From our seats in the top deck, directly behind home plate, you could not see the man of honor in the dugout. But there he was during the warm-ups in the bottom of the first, taking his place in the on-deck circle; the crowd vibrated already. And when he came to the plate, there was the syncopated chant, De-rek Je-ter (clap clap, clap-clap-clap), the one that usually comes from the right field bleachers once a game, but tonight would happen four times, for each at-bat.
He grounded to short, and was thrown out with ease, jogging back to the dugout, head hung low. But the fans wanted more, and they kept the chant up, then it ended and rose up instead as a roar. It was clear they wanted him to come out of the dugout and acknowledge their love and maybe even return it. The noise went on through the first pitch, and the second pitch of Chase Headley’s at bat.
The crowd misunderstood. Jeter was not going to take a curtain call for a routine ground out. That’s probably because, for Jeter, this isn’t fun. If anything has been revealed in the outpouring of coverage in these last few weeks, it’s that he is, basically, a baseball machine who happens to also be a man. The New York Times published an interactive piece earlier this month attempting to show, visually, how many times Jeter has swung a bat in his entire career. In it, they used the same GIF, repeated over and over. But as someone who has seen him swing hundreds of times in person and thousands of times more on television, I can tell you: for Jeter, 342,000 GIFs of the same swing probably looks a lot like 342,000 unique GIFS of specific swings. The man was consistent.
The game got away from the Yankees, who were losing 6-3 to the division-leading Baltimore Orioles, and Jeter, who was 0 for 2 with a strikeout by the 5th inning. The hope had been sucked out of the Stadium; the crowds had dispersed, and the sky became overcast. A chill was in the air. What began as a celebration morphed into a mourning. Why, I thought, was Jeter’s number flying on white flags, stitched into armbands like a remembrance?
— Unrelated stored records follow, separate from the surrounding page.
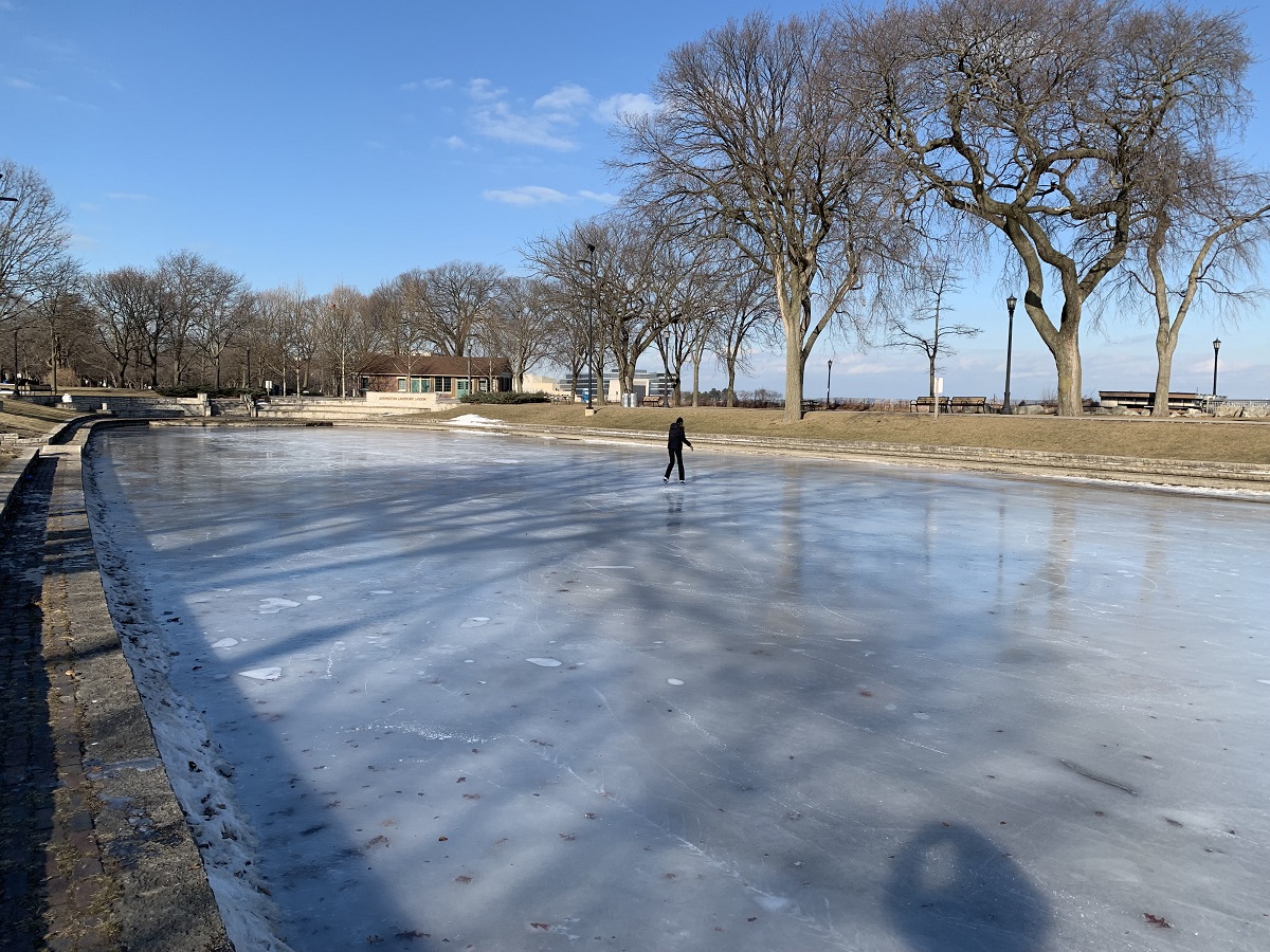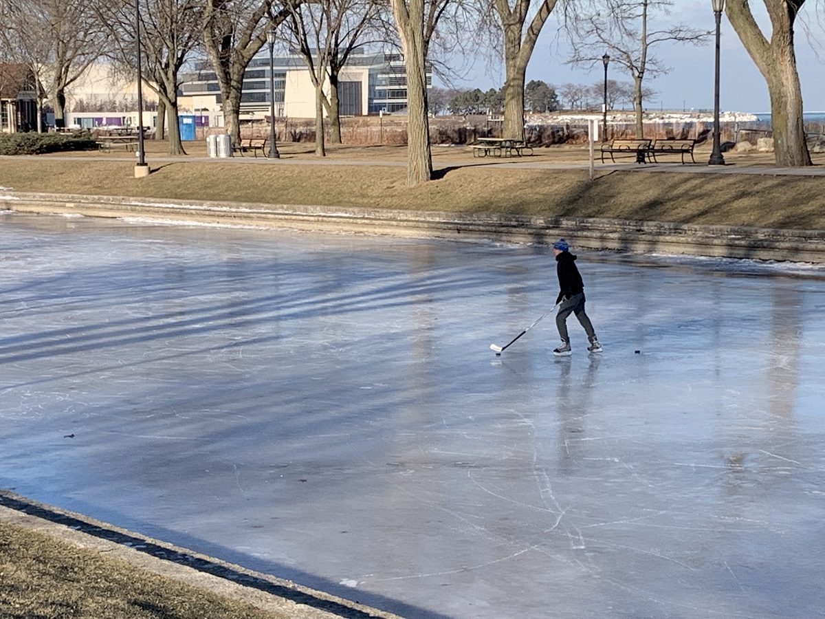 Young man hocky skating at Arrington Lagoon -- I tried skating for the first time in 50 years in my new, stiff skates! I made it SLOWLY 2/3 up the lagoon only falling down once.
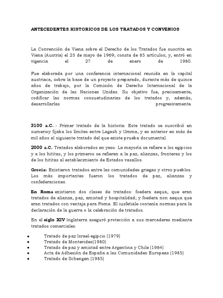 ANTECEDENTES HISTORICOS DE LOS TRATADOS Y CONVENIOS
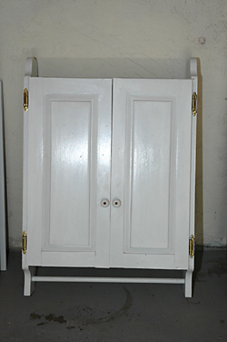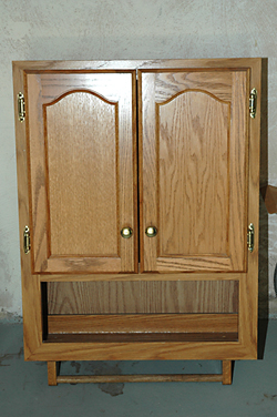 Two wall-mounted wooden cabinets that typically go above a toilet in the bathroom to hold miscellaneous stuff. $10 each or both for $15.
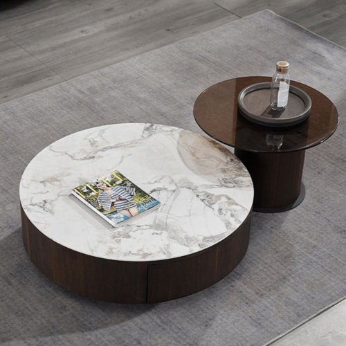 Y07 – Modern Pair Round Coffee Table Set – Glass & Marble-Effect Rock Slab Tops with Iron Base for Living Room
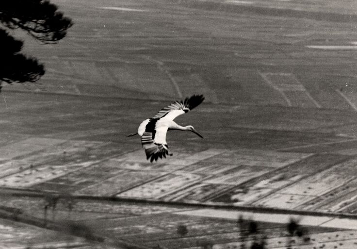 小浜市国富地区を飛翔するコウノトリ(昭和30年代)
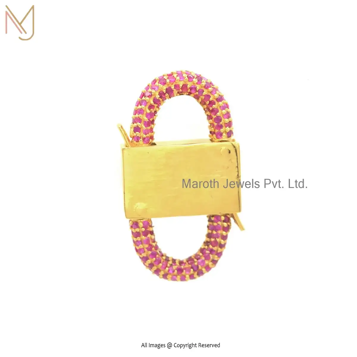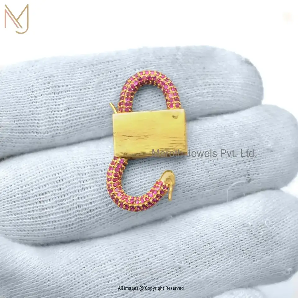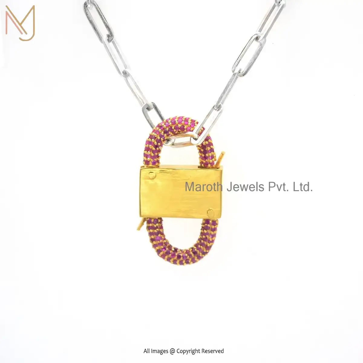 925 Silver Yellow Gold Plated Blue Sapphire Gemstone Padlock Finding Pendant Jewelry USA
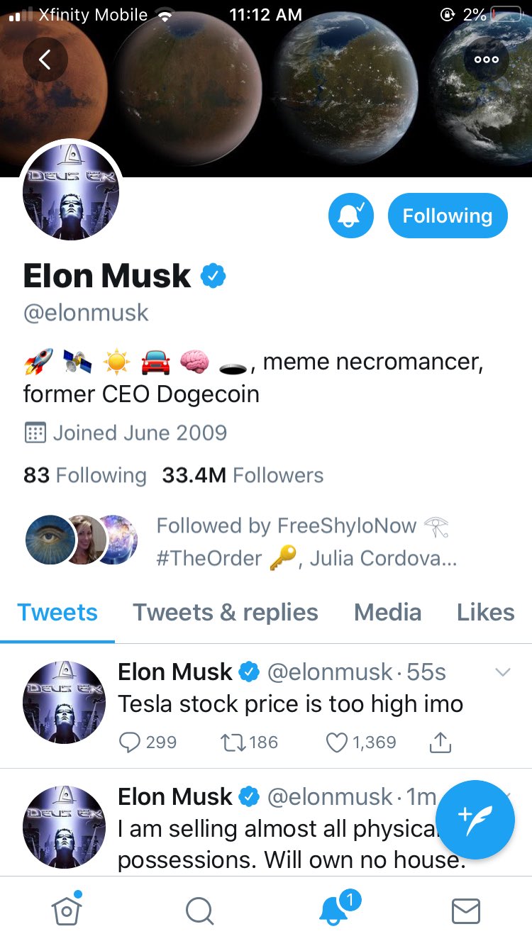 Shortly after a bunch of analysts upgrade their price targets something you would think Elon would approve of both for his own financial gain as well as his battle against. Tesla stock price is too high imo Elon Musk elonmusk May 1 2020 The subsequent share drop erased around 13 billion from Teslas market value and nearly 3. Remember when Tesla shares tanked by 10 moments after its CEO Elon Musk tweeted.
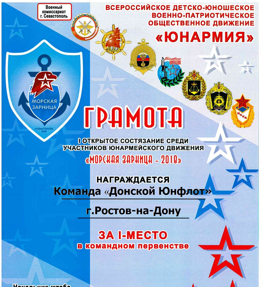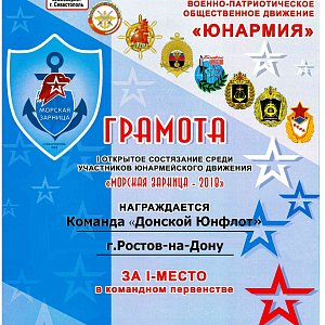 Заслуженную победу одержала Ростовская команда «Донской Юнфлот» в первых открытых Всероссийских соревнованиях по морскому многоборью «Морская зарница-2018», проходивших в городе-герое Севастополе с 15 по 25 июля 2018 года.
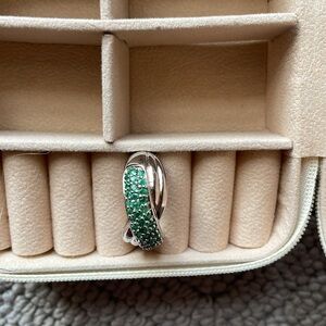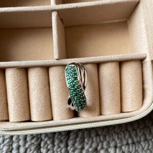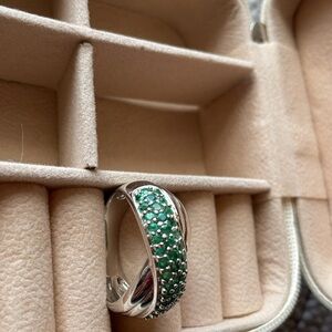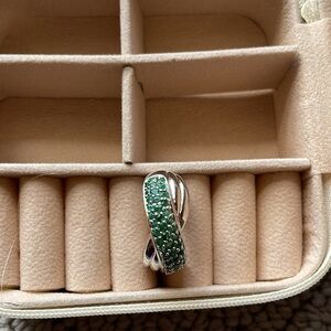 Beautiful 925 sterling silver, real round, cut emerald interlock ring in great condition Size 11
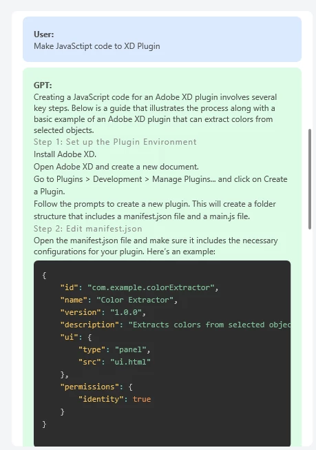 3. XD, due to UXP limitations, does not support text selection in plugin panels. As a workaround, we generate copy buttons for colors and predefined elements in GPT's response, though full text selection remains an issue.
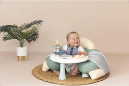 Morbida seduta gonfiabile con poggiatesta e braccioli che offre comfort e stabilità durante i primi tentativi di seduta autonoma.
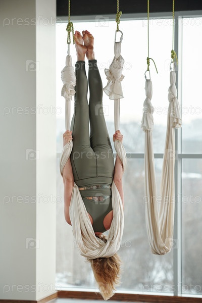 Обратный взгляд на активную молодую женщину, которая висит вверх ногами и держит белый гамак
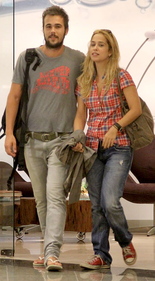 A atriz Paloma Duarte passeou com o namorado, o ator Bruno Ferrari, usando um visual básico, composto por calça jeans larguinha, camisa xadrez e tênis.
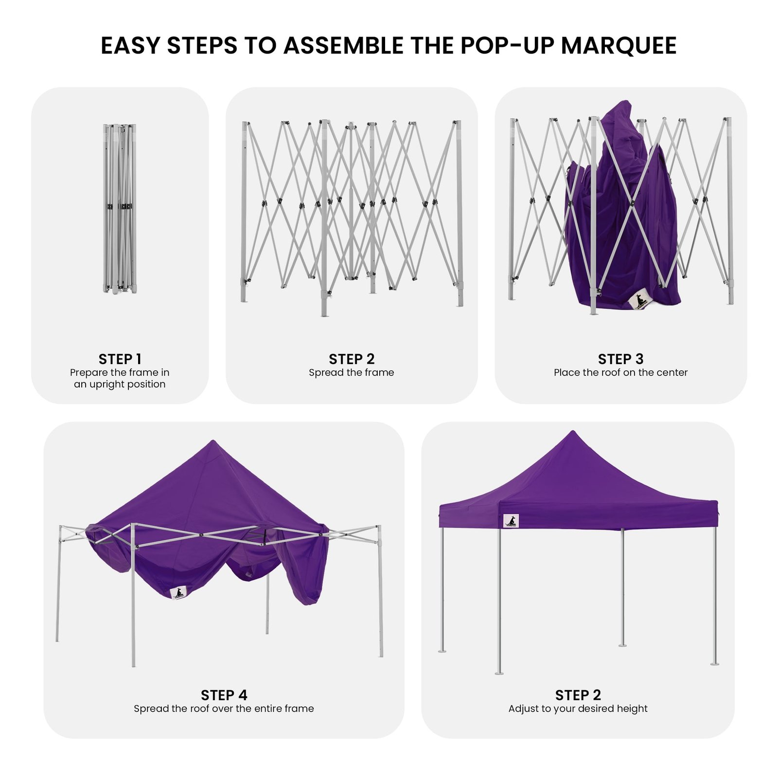 Our strong triangulated frame system means this marquee comprises only 2 main parts. The frame is one complete assembly which expands to 3x3m and the roof is fitted over the frame as it unfolds, giving you instant cover from rain or sun! You can then set the height of the legs and fit the walls if required. When you’re done you can just as easily fold the frame and roof away into the carry bag we provide, ready for transport or storage. The entire setup process will take 2 or 3 people just a few minutes!
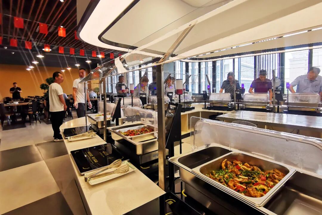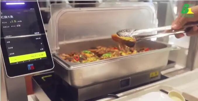 餐廳的每個(gè)菜品都配備了一個(gè)結(jié)算系統(tǒng),把餐盤放在結(jié)算盤上夾菜,智能稱重系統(tǒng)會(huì)根據(jù)重量自動(dòng)計(jì)算價(jià)格,以此類推,餐后15分鐘,系統(tǒng)會(huì)自動(dòng)結(jié)算并實(shí)現(xiàn)無(wú)感支付▼
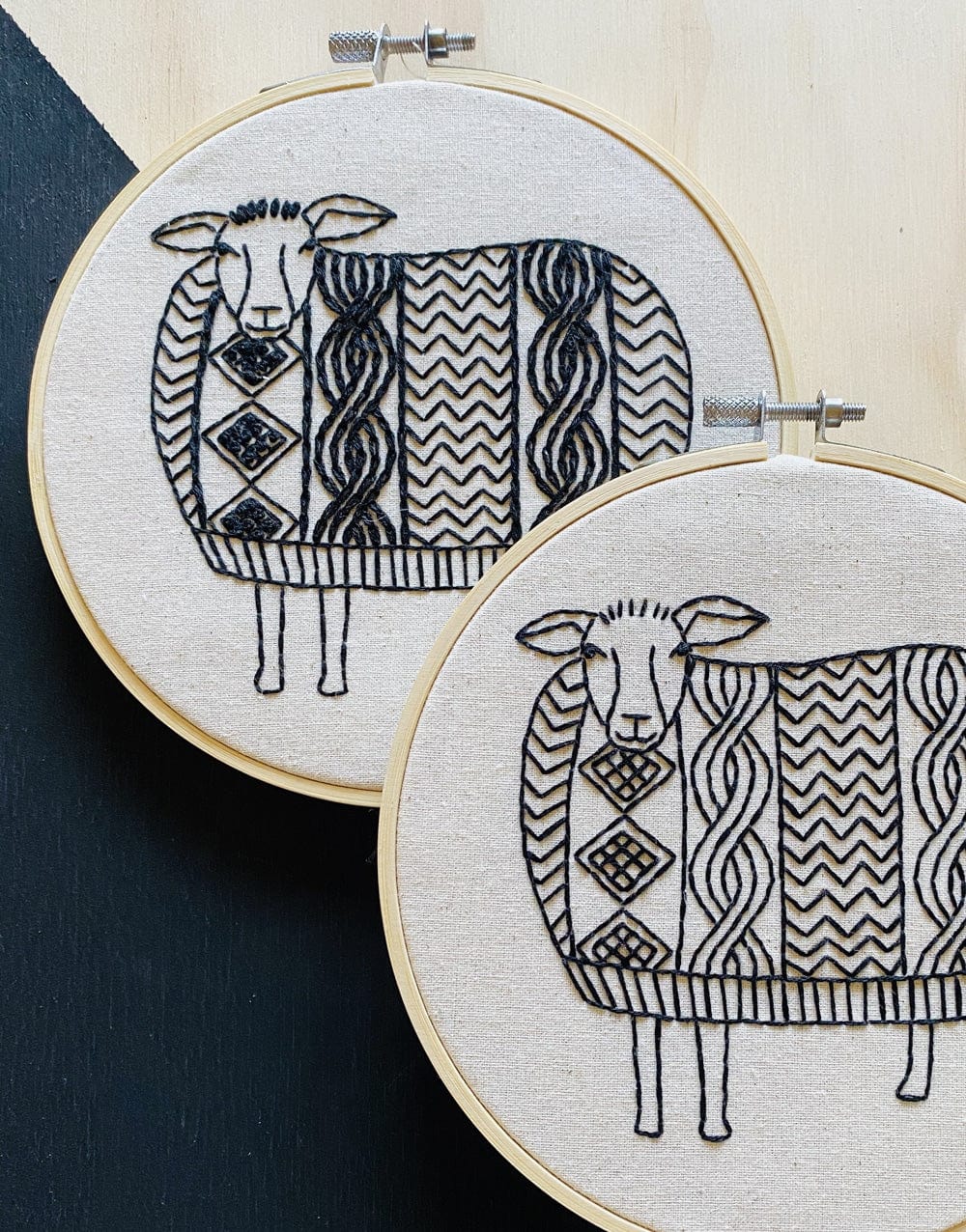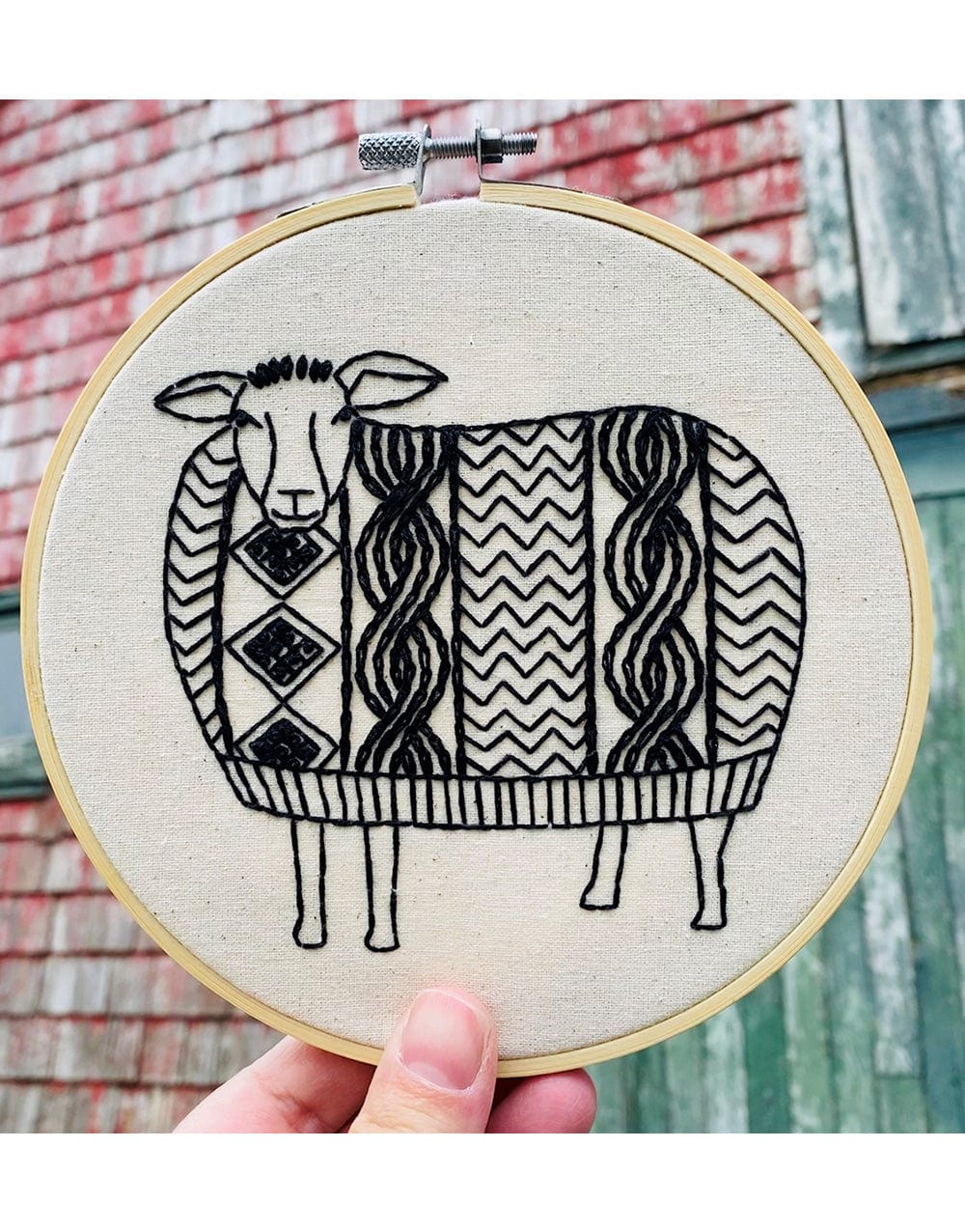 Sweater Weather combines the beauty of knitting with the art of embroidery. It's all about texture. You control the difficulty - keep it easy by using the most basic back stitch throughout, or ramp up the challenge with chain stitches, French knots, or more.

When he came up in the 8th, it looked as though the weight of his artificially prolonged farewell tour had actually set in. In the on-deck circle, Jeter sunk into a crouch, bat balanced on the ground in front of him, more burden than mythic tool of the trade. The thinned out crowd urged him on, trying, through force of will, to get one more act of heroism out of the player who has given them so many. With one strike, he checked his swing, too late: the ball dribbled out to the first baseman for an easy out.
Yankees fans are all Derek Jeter fans (except for a few cranks), and they are in a strange position. They are either derided as “what have you done for me latelys,” bandwagon fans who care about nothing but winning at all costs—or they are mocked as hoodwinked homers, taken in by the Jeter mythology and unable to see past his obvious flaws.
But this felt like a near-tragic goodbye—and, despite the fact that there is one more home game, and another handful on the road, this was the real goodbye. The Yankees lost and were mathematically eliminated from the playoffs, the part of the season when Jeter has long been said to shine brightest.
Next year offers some hope for his team. There’s a pretty great chance that whoever takes over at shortstop in 2015 will be better than the Derek Jeter I saw the other day; it’s equally probable that 2014’s number 2 hitter will be far and away a better option than the 2014 model.